General Model of a Learning Agent

Percepts are used to improve agent's future behavior, as well as serving as the basis for current actions.
An agent can learn by observing its own decision-making process.
Learning may occur by simple memorization or may involve higher-level processes such as analogy.
We will focus on inductive learning: constructing a function called a hypothesis from a set of input/output examples.
The hypothesis represents the agent's current knowledge about how to respond in any given situation.
Most learning agents can be described in terms of four components:
- The Performance System selects actions in response to percepts.
- The Critic monitors the performance of the agent and generates feedback that can be used to improve performance.
- The Learning Algorithm uses feedback to update the internal hypothesis used by the Performance System.
- The Experiment Generator uses the updated hypothesis to generate new problems for the system to explore in order to maximize its rate of learning.
So far, our agent designs have focused on just the Performance System.
Performance standard should be external, so that the agent must adjust its performance to fit the standard, not the other way around.
The Experiment Generator forces the agent to explore new situations. Otherwise, the agent would keep doing whatever actions it has determined are the best so far, even though there may be better untried choices.
The choice of learning algorithm depends strongly on the choice of representation for the knowledge to be learned (i.e. the hypothesis), and vice versa.
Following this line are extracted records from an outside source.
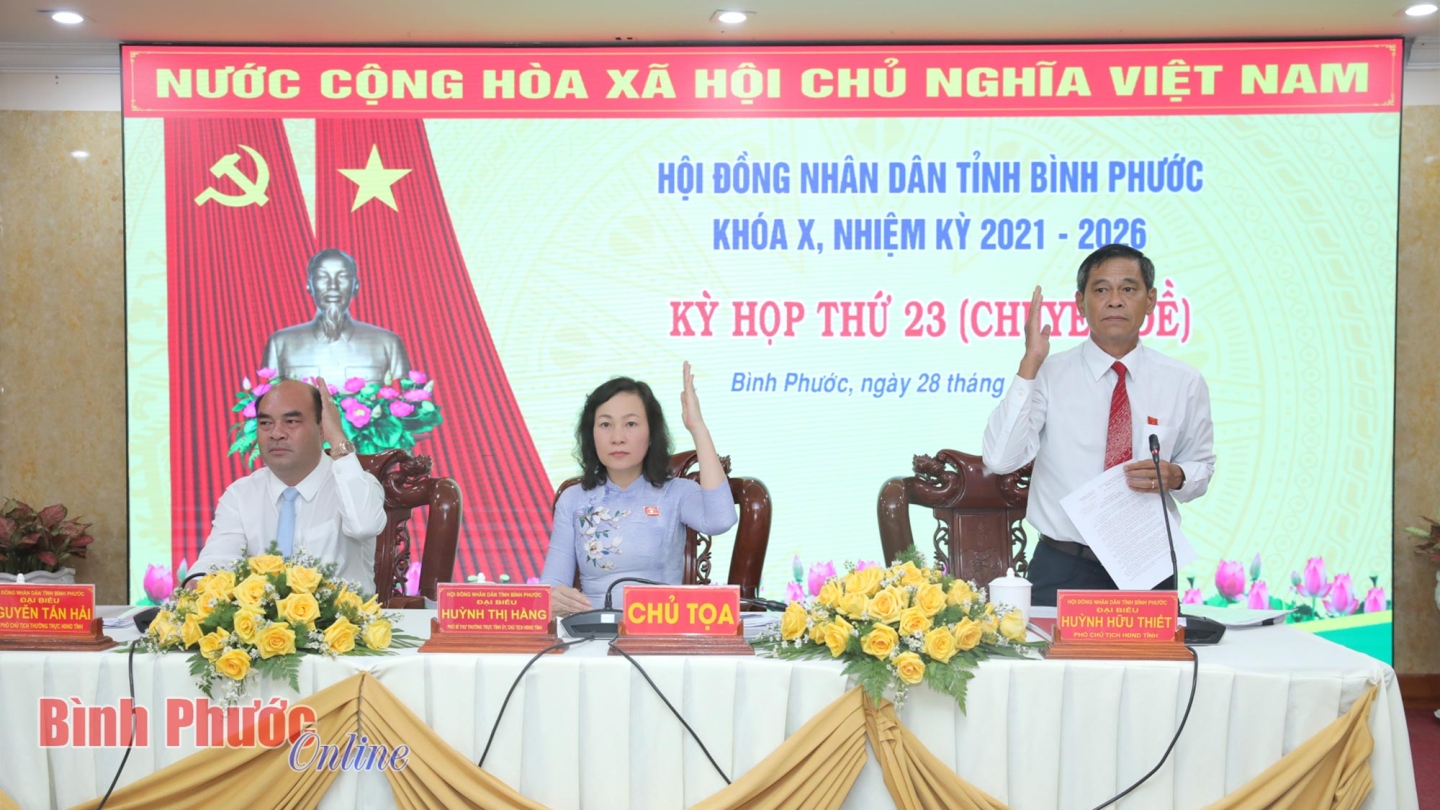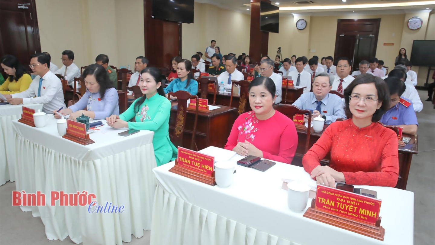Trên cơ sở xem xét các tờ trình và dự thảo nghị quyết do UBND tỉnh trình, HĐND tỉnh đã đồng thuận, nhất trí thông qua các nghị quyết: Cho ý kiến mức tỷ lệ (%) để tính đơn giá thuê đất, mức tỷ lệ (%) để tính đơn giá thuê đất đối với đất xây dựng công trình ngầm, mức tỷ lệ (%) để tính đơn giá thuê đất đối với đất có mặt nước trên địa bàn tỉnh Bình Phước; thông qua chủ trương thống nhất phương án giao UBND tỉnh Đồng Nai là cơ quan chủ quản thực hiện dự án đầu tư xây dựng cầu Mã Đà; tán thành chủ trương sắp xếp đơn vị hành chính cấp tỉnh, cấp xã của tỉnh Bình Phước.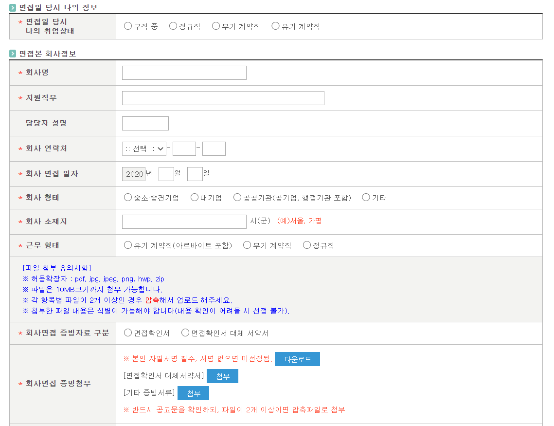 ※ 회사 면접 증빙자료로는 면접 확인서 or 면접 안내 문자&메일 등을 캡처해서 첨부하면 됩니다.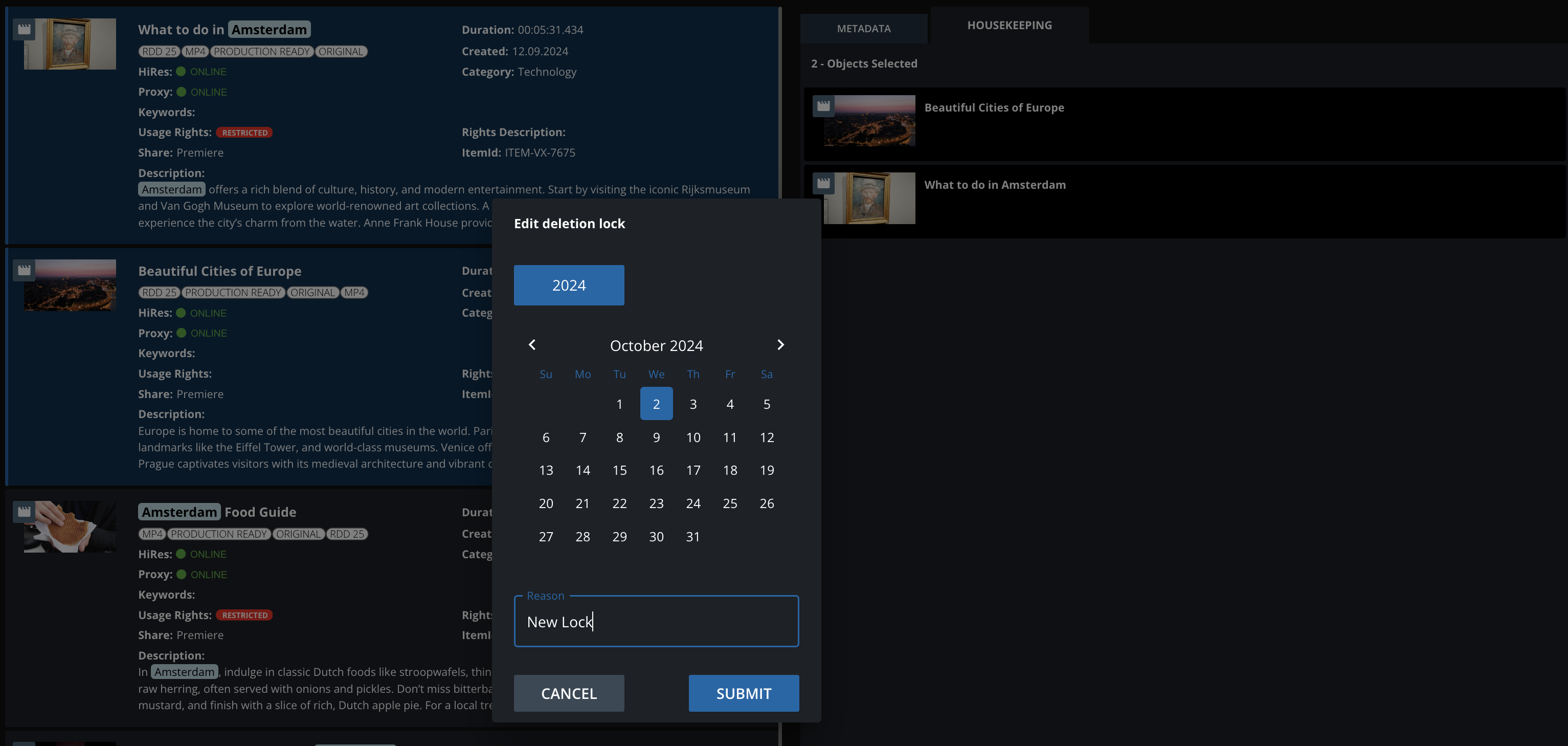 MediaPortal now supports the ability to select multiple items or collections and apply deletion locks to all selected assets simultaneously. This improves efficiency when managing deletion restrictions across multiple media items.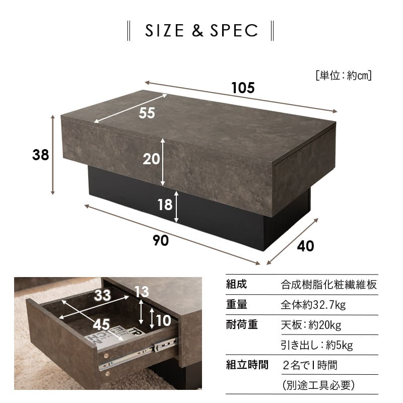 サイズ | 全体:約幅105×奥行55×高さ38cm 引き出し(内寸):約幅33×奥行45×高さ10cm |

Possible hypothesis representation schemes

Propositional logic
First-order logic
Mathematical functions
Decision trees
Version spaces
Neural networks
Trade-off between expressiveness and efficiency. More expressive representation schemes (e.g. first-order logic) lead to heavier penalties in terms of computation time and number of examples needed to learn a reasonable function.

Possible types of feedback

A precise teacher (supervised learning).
Example: individual checkers board states with correct moves provided by teacher.
A vague teacher (indirect reinforcement).
Example: final win/lose outcome of game.
No teacher (unsupervised learning). Still possible to learn regularities in perceptual inputs even in the absence of a teacher.
Reinforcement learning raises the issue of credit assignment: How to assign credit or blame for the final outcome to each move?
Example: optimal moves can be followed by poor moves leading to loss of game.

Possible prior knowledge

None (tabula rasa).
Agent begins with some innate background knowledge.

Inductive Learning

Learner is given a series of training examples <x₁, f (x₁)>, <x₂, f (x₂)>, . . .
Learner returns a hypothesis h that approximates the target function f.
Suppose we have the training examples below:
The following hypotheses are possible:
Hypothesis G is too simple — it passes through only one point.
Hypotheses R and B approximate the training examples equally well, but differ in how they assign values to unknown inputs. Since f is unknown, no reason to prefer B over R.
In general, if two hypotheses approximate f equally well, no a priori reason to prefer one over the other.
Learning algorithms that do exhibit a preference exhibit inductive bias.
Example: one common type of inductive bias is called Occam's Razor: Prefer the simplest hypothesis that fits the data. This bias would prefer hypothesis B above.
Without some type of inductive bias, generalization would be impossible. The agent would be unable to decide how to respond to situations it has never seen before.
Hard question: How do we know when the learned function is good enough?
We want the agent to perform well in novel situations, but we won't know what those situations are until they happen.

Use the following methodology to evaluate hypotheses' ability to generalize:

Collect a large set of examples
Divide examples into disjoint training and testing sets
Use learning algorithm on training examples to generate hypothesis h
Measure the portion of testing examples that are correctly predicted by h
Repeat steps 1-4 for different sizes and mixtures of training and testing sets

Critical assumption: Distribution of training examples is identical to distribution of testing examples.
This makes theoretical results easier to obtain, but is not always valid in practice.
It is best to use freshly-generated examples each time in step 5, rather than a different mixture of the same examples, but this is often difficult to do in practice.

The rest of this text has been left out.